DrawingDoN Brewercolored pencil on Strathmore 412111 80-Pound 24-Sheet Strathmore Toned Sketch Paper Pad, 11 by 14-Inch, Gray

The descriptive drawing class with Chris Zelinsky at UArts, I was pursuing my BFA in Multimedia and Communications, was probably my most transformative drawing instruction. For the first month we drew simple shapes like squares, circles, and cubes, after we had finger painted abstracts on newsprint with tempera paint to opera for an hour. Chris Zelinsky understood that if we got our brains into an alpha state through abstract thought, we would be able to tap into the technical aspects of drawing descriptively more freely. One day a student challenged her to do what she was asking us to do, draw perfect circles. She sat in his seat, used his tools and drew a perfect circle.

Drawing, DoN Brewer

DrawingDoN Brewercolored pencil on Canson Mi-Teintes Pastel Assorted Pad 12 in. x 16 in.

I have been away from drawing for a while but this past Summer I began going to the Thursday evening art workshops at The Plastic Club. The first twenty minutes of the three hour session are five minute poses followed by twenty minute poses with ten minute breaks. Each of these drawings are two twenty minute poses, but I find that if I really tough it out and stay until the end, because it can get very tiring, my last drawing is usually the most expressive.

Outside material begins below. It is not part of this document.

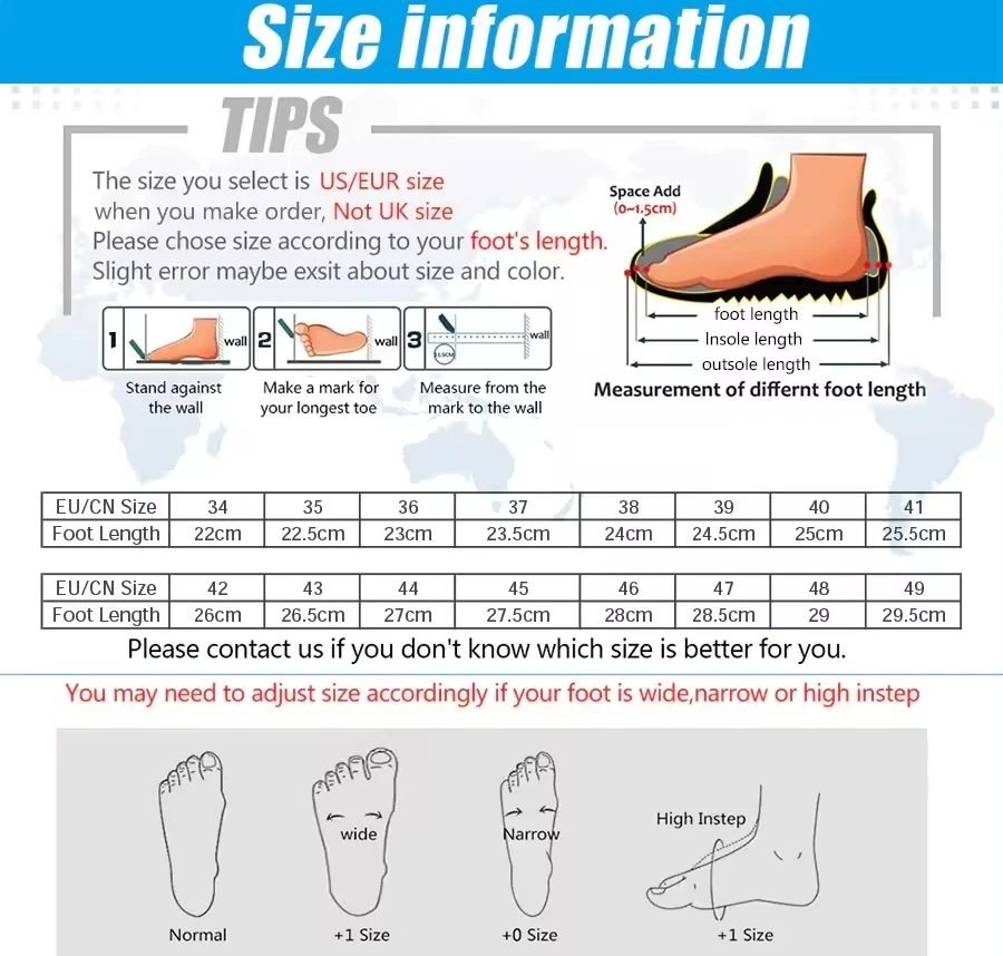 Q:How can I start the order? A:Just click the “start to order”on your phone or send the inquiry to us,then we could help you to make the order. Q:How can I choose the US/UK size? A:The size chart at the top please find.you could choose the correct size according the feet length. Q: What’s your payment term? A: We accept T/T, Paypal, western union account and L/C. Q. What about the delivery time? A:Usually the delivery time for ready style is 7 days, for custom style with small quantity is 15 to 25 days, bulk order is 30 to 40 days. It can be negotiated if have special requirements.shape,size,material,color,packing Q: What’s the sample policy? A: It takes 7-10 days to make the sample and send out. You can choose our existing styles or provide us the sketch to proceed withsample.Sample fee will be charged and it’s refundable when production.

Returning to drawing after a five year dry spell is satisfying and fulfilling. Even if no one ever sees the sketches, the feeling of accomplishment and self control inspires me to keep drawing. Another reason to draw again is learning of the ALS diagnosis of my friend Jay Smith. One day last Spring Jay was awarded the Popular Science Inventor of the Year Award in the morning and learned his fate in the afternoon. Soon Jay began to lose motor control of his hands and his speech is becoming slurred. As artists our role is to communicate, I often joke that if the power grid goes down artists will become the tribe leaders because they can communicate ideas with simple tools. Drawing is a way to test my power grid, making sure I still have motor control and can see to communicate effectively. Jay inspires me to take advantage of my skills.

Drawing, DoN Brewer

DrawingDoN Brewer

Drawing, DoN Brewer

My friend Bob Bohne inspired me to get my tools together in an easy to carry, ready to go, messenger bag. My super-kawaii pencil box holds all my basic tools: solid graphite pencils, HB lead pencils, Prismacolor, Eagle, Caran D’Ache colored pencils in a limited palette of sanguine, rouge anglais, granite rose, gray, black and white. The gum eraser is used to remove mistakes and add highlights, I’ve had the blob of gum for decades and enjoy coaxing it back to life, warming and squeezing the eraser in in my hands. The black box is filled with a variety of red, brown and white pencils and the blue box holds assorted colored pencils and tools. In my studio I have hundreds more pencils I’ve collected over time, enough pencils to make drawings for the rest of my life.